As reported on the BBC - who were relaying '650,00 deaths' as fact on the World Service this morning. I know the World Service is funded by the Foreign Office, but I'd previously assumed it was our Foreign Office.
The survey suggests that most of the extra deaths - 601,000 - would have been the result of violence, mostly gunfire, and suggests that 31% could be attributable to action by US-led coalition forces.
'650,00 deaths' is greater than the German civilian losses after six years of Allied bombing in WW2, which heavily damaged most major German cities and included huge tolls in attacks like the Hamburg firestorm. I know a lot of people in Iraq are shooting each other, but are they really suggesting US forces have killed 200,000 ? And 400,000 deaths in what you could only call a civil war ?
These were the same people who gave us '100,000 deaths' last time out. Obviously not enough people took them seriously. What next - a million, two, five ?
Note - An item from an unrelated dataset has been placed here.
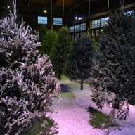 This year, it took Neff and a group of 10 volunteers two days to hang the trees in a grid formation at the Knockdown Center, allowing visitors to walk between the trees, giving them the feeling of being in a forest.

The situation is not good though. Via Clive Davis, this Newsweek report is not at all encouraging. Fareed Zakaria suggests that the extra troops which most accept should have been there from the start may now be too late to make a difference. Responsibility for security has devolved down to the local level - local gangs and militias. A Lib-Dem paradise, in fact.
Iraq's problem is fundamentally political, not military. Sunnis, Shiites and Kurds need a deal that each can live with. Sen. Joseph Biden has outlined an intelligent power-sharing agreement, but what he, or for that matter George Bush, says doesn't matter. Power now rests with the locals. And the Shiites and the Sunnis have little trust in one another. At this point, neither believes that any deal would be honored once the United States left, which means that each is keeping its own militias as an insurance policy. If you were a Shiite, having suffered through a brutal insurgency and an incompetent government, would you give up your weapons ? If you were a Sunni, having watched government-allied death squads kill and ethnic-cleanse your people, would you accept a piece of paper that said that this government will now give you one third of Iraq's oil revenues if you disarm ?
I think the 600,000 might be more realistic if Uncle Sam pulled out. In some Muslim countries the solution might be a strict, Cromwellian, Islamic government (I told you I'm a Taleban fan) - but the Sunni/Shia divide makes the Somali/Afghan option a non-starter. The only thing I can see to do is to hang on in there - and send more troops. What Zakari calls 'limiting failure'.
The trouble is, reports like the Lancet's are designed to weaken commitment to Iraq. And the more signs the Sunnis and Shias see of weakening commitment, the more they'll be inclined to rely upon their own weapons. What happens here, in the West's media, matters. The BBC and Lancet are having their effect. And it's wholly malign.